In a case brought by the American Civil Liberties Union, Stamler issued an opinion in April 1970 in which he ruled that the provision of busing by the West Morris Regional High School District to private school students was improper based on the fact that the 14,000 private school students who lived in school districts (usually large cities) where busing was not provided were denied the protections of the Equal Protection Clause of the Fourteenth Amendment. In June 1971, the New Jersey Supreme Court unanimously overturned Stamler's decision and upheld the constitutionality of the program, allowing 106,000 students from private schools to receive busing through their local school district at the start of the 1970-71 school year in September. In his decision, Chief Justice Joseph Weintraub emphasized that the legislature had made busing for private school students subject to the same rules and regulations as for public school students residing in the same district.

Stamler rejected a proposal for a six-day rock festival to be held in the summer of 1970 on a 400 acres site in Walpack Township in Sussex County, leading to the passage of standards for similar events that requires planning for traffic and safety between the organizers and local authorities, and sets limits on duration. Stamler stated that any positive benefits from such an event must be weighed against the "health, safety and welfare of the young, and the potential harm to the public".

In March 1971, Stamler allowed a suit challenging a mandatory sex education curriculum at Parsippany-Troy Hills School District by Roman Catholic parents who argued that the program violated their First Amendment rights to free exercise of their religion. Stamler rejected the district's claim that a significant majority of parents had supported the program and allowed the suit filed by the parents to proceed, saying that the protections afforded under the First Amendment would be unnecessary if majority rule would prevail in such circumstances, noting that the protections were intended to protect the religious freedoms of "the one person who is sincere in a conscientious religious conviction".

A 1972 judgement against United States Mineral Company of Stanhope, New Jersey that assessed a fine of $250,000 for emitting excessive air pollution on 360 days in a single year was the largest such fine assessed against a polluter of this kind in the United States to that point.

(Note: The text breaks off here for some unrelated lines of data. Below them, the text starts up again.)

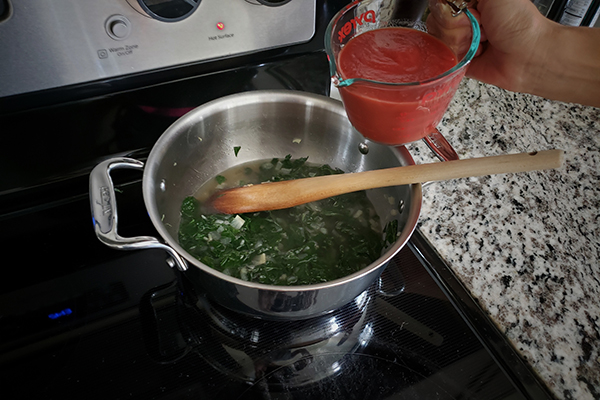 I love the taste & texture of dinosaur kale which is what I used for this recipe. You are more than welcome to use regular kale or spinach. Any greens in the red color of tomato is pretty! Most importantly, you always want to incorporate some greens into every meal.
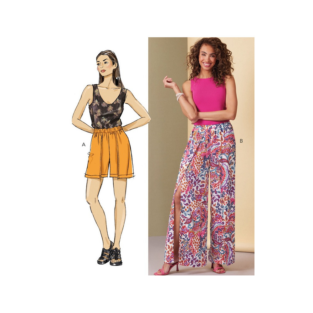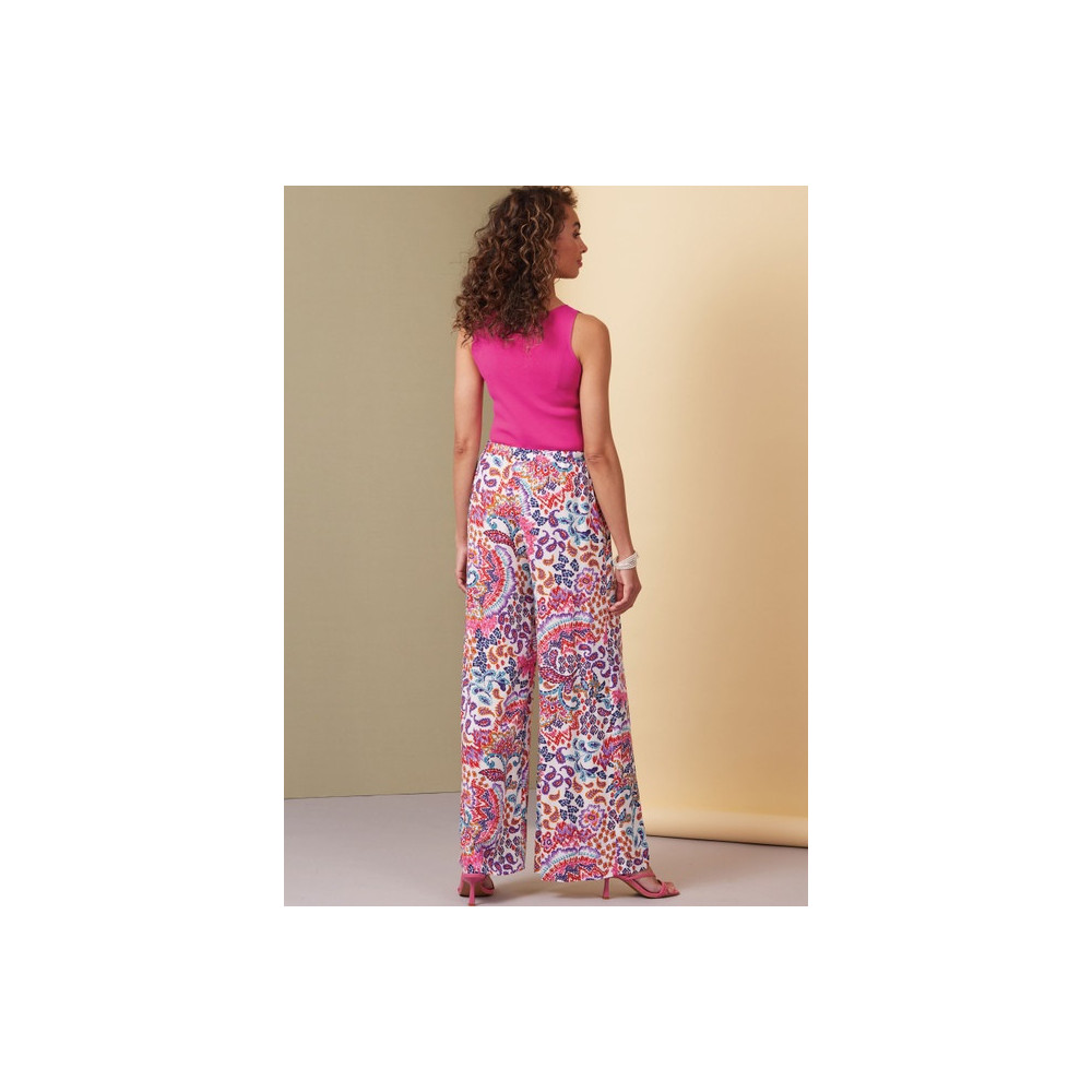 Střih Butterick na kalhoty s gumou v pase a zavinovacím efektem se skrytými bočními rozparky
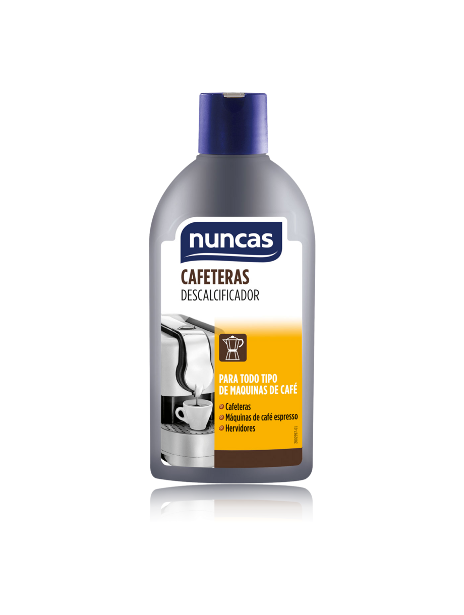 Nuncas Cafeteras es un producto desincrustante específico diseñado para disolver de forma rápida y segura el calcio que se deposita en el depósito de agua y en los filtros de las cafeteras estilo moka y cafeteras express. Tiene un alto poder desincrustante, capaz de liberar rápidamente las burbujas de los filtros y así permitir que el agua se filtre correctamente a través del polvo del café, de forma uniforme, captando todo el sabor. A base de ácido, se aclara completamente sin dejar residuos; No atacar componentes plásticos como juntas o tubos.

Even after suffering two strokes and being advised by his doctors that he should leave the bench, he delayed his retirement by two years, saying that his judicial role was one that he "enjoyed more than anything else in the world." He left Superior Court in April 1973 and was regarded by The New York Times as having "handed down decisions of both statewide and national impact".

==Life after the bench==
Judge Stamler developed a program in Connecticut for youthful first offenders that allowed them to learn about the law by participating in moot court cases and led a program that was intended to allow the public learn more about the judicial system by visiting courts.

==Personal life==
A resident of the Stony Creek section of Branford, Connecticut, Stamler died at the age of 86 on October 16, 1998, after what was described in his obituary as a "long illness". He had maintained a second home there since his days as a judge and would write opinions there, in addition to relaxing by fishing and lobstering. He was married to Lillian Spitzer Stamler and had two sons, Joseph Jr. and Paul, in addition to three grandchildren, Abbi, Reed and Theodore. Stamler's brother Nelson was a Republican Assemblyman and State Senator, who also served in Superior Court. His nephew, John H. Stamler, served three terms as prosecutor in Union County. The John H. Stamler Police Academy in Union County is named in his memory, for which he fought.